Requirement
Copy each entry below verbatim. Skip the pictures.
-------- Supplied material --------
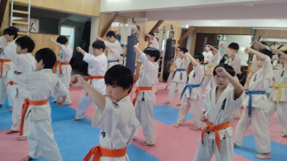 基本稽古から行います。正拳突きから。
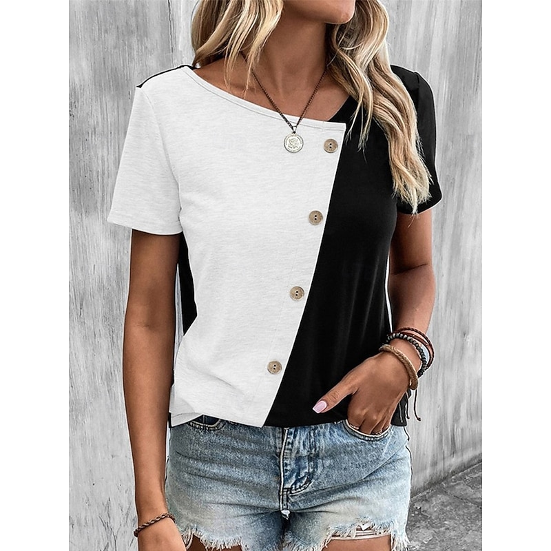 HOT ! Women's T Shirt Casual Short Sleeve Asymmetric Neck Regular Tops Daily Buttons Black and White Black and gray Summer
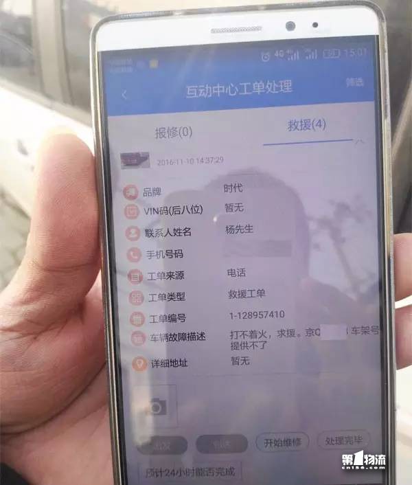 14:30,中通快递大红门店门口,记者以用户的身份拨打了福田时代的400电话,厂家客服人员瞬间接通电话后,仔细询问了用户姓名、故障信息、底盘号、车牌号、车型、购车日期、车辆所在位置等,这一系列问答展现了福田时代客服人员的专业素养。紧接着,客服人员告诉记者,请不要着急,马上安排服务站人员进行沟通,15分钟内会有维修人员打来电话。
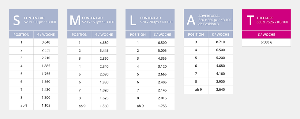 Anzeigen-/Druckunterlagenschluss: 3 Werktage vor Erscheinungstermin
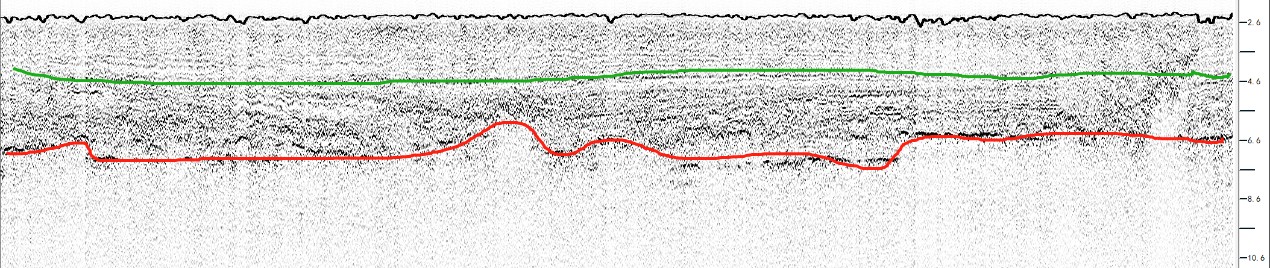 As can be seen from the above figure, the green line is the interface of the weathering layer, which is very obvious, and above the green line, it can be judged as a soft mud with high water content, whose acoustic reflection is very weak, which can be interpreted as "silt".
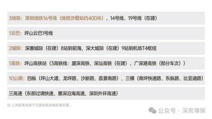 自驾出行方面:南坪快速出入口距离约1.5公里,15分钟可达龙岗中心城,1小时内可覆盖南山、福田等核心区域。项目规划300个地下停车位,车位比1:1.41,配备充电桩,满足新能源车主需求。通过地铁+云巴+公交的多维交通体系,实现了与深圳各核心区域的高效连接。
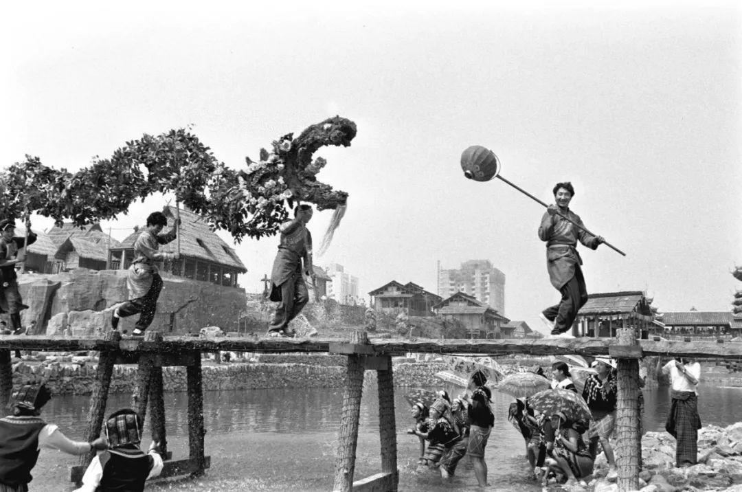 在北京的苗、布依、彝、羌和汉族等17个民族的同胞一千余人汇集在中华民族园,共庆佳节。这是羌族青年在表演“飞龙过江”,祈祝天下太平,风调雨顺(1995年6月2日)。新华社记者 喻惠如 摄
--------
Response to the exercise
 基本稽古から行います。正拳突きから。
 HOT ! Women's T Shirt Casual Short Sleeve Asymmetric Neck Regular Tops Daily Buttons Black and White Black and gray Summer
 14:30,中通快递大红门店门口,记者以用户的身份拨打了福田时代的400电话,厂家客服人员瞬间接通电话后,仔细询问了用户姓名、故障信息、底盘号、车牌号、车型、购车日期、车辆所在位置等,这一系列问答展现了福田时代客服人员的专业素养。紧接着,客服人员告诉记者,请不要着急,马上安排服务站人员进行沟通,15分钟内会有维修人员打来电话。
 Anzeigen-/Druckunterlagenschluss: 3 Werktage vor Erscheinungstermin
 As can be seen from the above figure, the green line is the interface of the weathering layer, which is very obvious, and above the green line, it can be judged as a soft mud with high water content, whose acoustic reflection is very weak, which can be interpreted as "silt".
 自驾出行方面:南坪快速出入口距离约1.5公里,15分钟可达龙岗中心城,1小时内可覆盖南山、福田等核心区域。项目规划300个地下停车位,车位比1:1.41,配备充电桩,满足新能源车主需求。通过地铁+云巴+公交的多维交通体系,实现了与深圳各核心区域的高效连接。
 在北京的苗、布依、彝、羌和汉族等17个民族的同胞一千余人汇集在中华民族园,共庆佳节。这是羌族青年在表演“飞龙过江”,祈祝天下太平,风调雨顺(1995年6月2日)。新华社记者 喻惠如 摄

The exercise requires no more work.